Abstract

Most philosophically informed definitions of cheating recognize the essential elements of cheating as a means of gaining a disallowed advantage over other participants in an activity (Gert, 1973; Green, 2004; Loland, 2005; Wertz, 1981). This is one condition out of four that together constitute a sufficient and coherent definition of cheating. These definitions are created because cheating is malum in se, and a proper understanding of what cheating is brings precision to a linguistically strong moral pejorative.

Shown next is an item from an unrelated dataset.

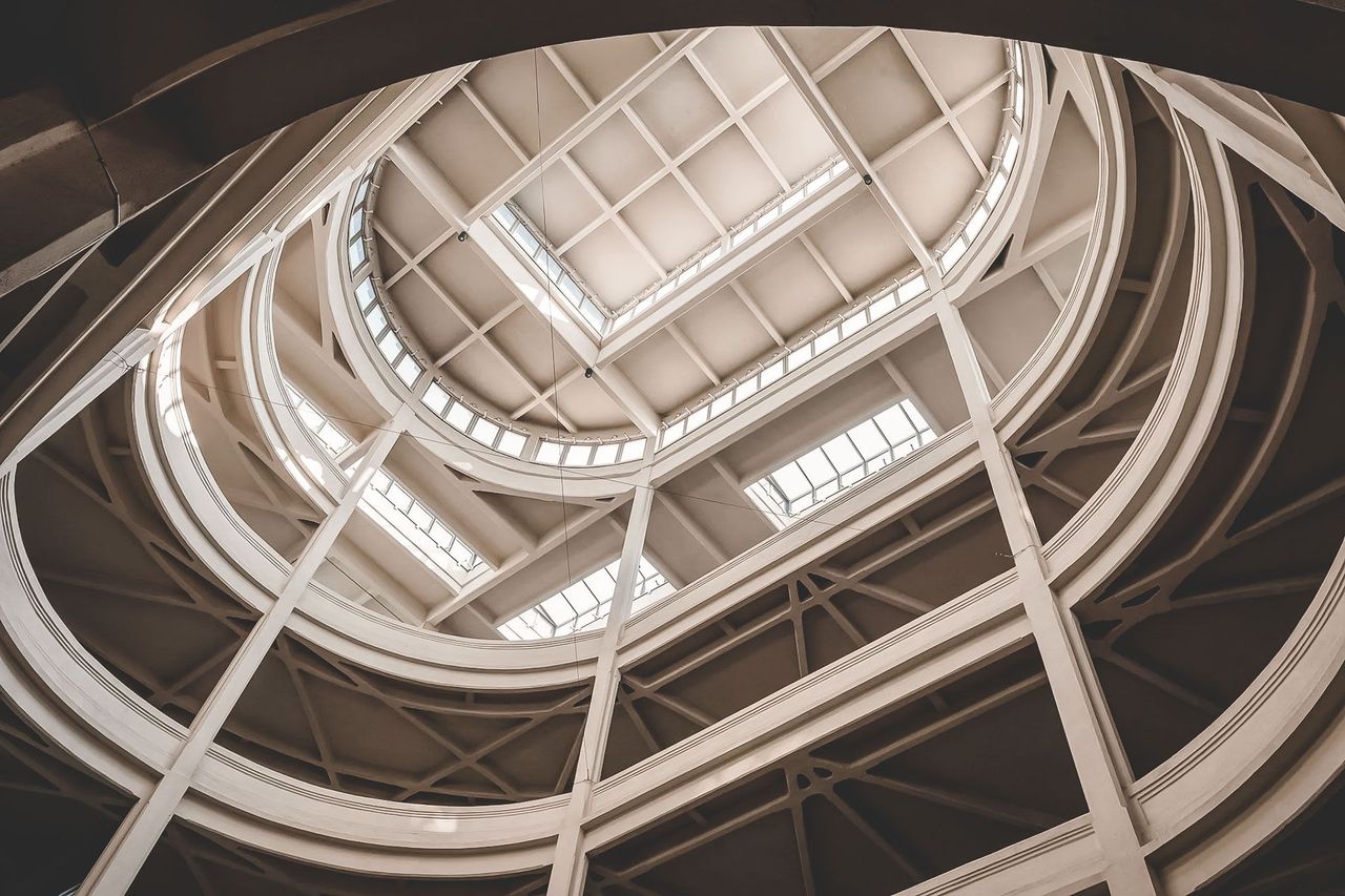 O imponente edifício industrial tem cinco andares e é sustentado por uma estrutura de betão armado com pilares espaçados a cada seis metros. A construção é formada por dois blocos ligados por cinco elementos transversais ,que possibilitam tanto a circulação horizontal como vertical. A distribuição desses blocos de ligação forma três pátios internos descobertos.

But what if one engaged in cheating to mitigate the advantage sought by an initial cheater? Can we say that an athlete who dopes subsequent to doping by a competitor is not cheating, or possibly engaged in a virtuous or at least permissible form of cheating? This article examines the established arguments for and against this proposition as well as some objections to the idea of “two wrongs making a right” from the author.
What Is Cheating?
It is worth beginning with a brief recap of the conditions that define cheating before carrying on with the idea of countercheating. Green (2004) notes that while cheating involves rule breaking, not all rule breaking is cheating. He offers us four formal elements that must exist in order for us to judge whether cheating has occurred. They are as follows:
The rule must be fair and fairly enforced.
Rule breaking must take place in a cooperative, rule-governed activity.
The rule breaker must intend to break rules.
The rule breaker must intend to gain an advantage.
In the first condition, a rule must be binding on all, and enforced with that intent by recognized authorities, and the action of the agent cannot fall within a recognized exception to the rule. Green uses the example of speeding in excess of the explicit traffic rules in order to deliver a woman in labor to a hospital. Exceptions like these are often coded within the rules, and to be classified by them does not make one a rule breaker.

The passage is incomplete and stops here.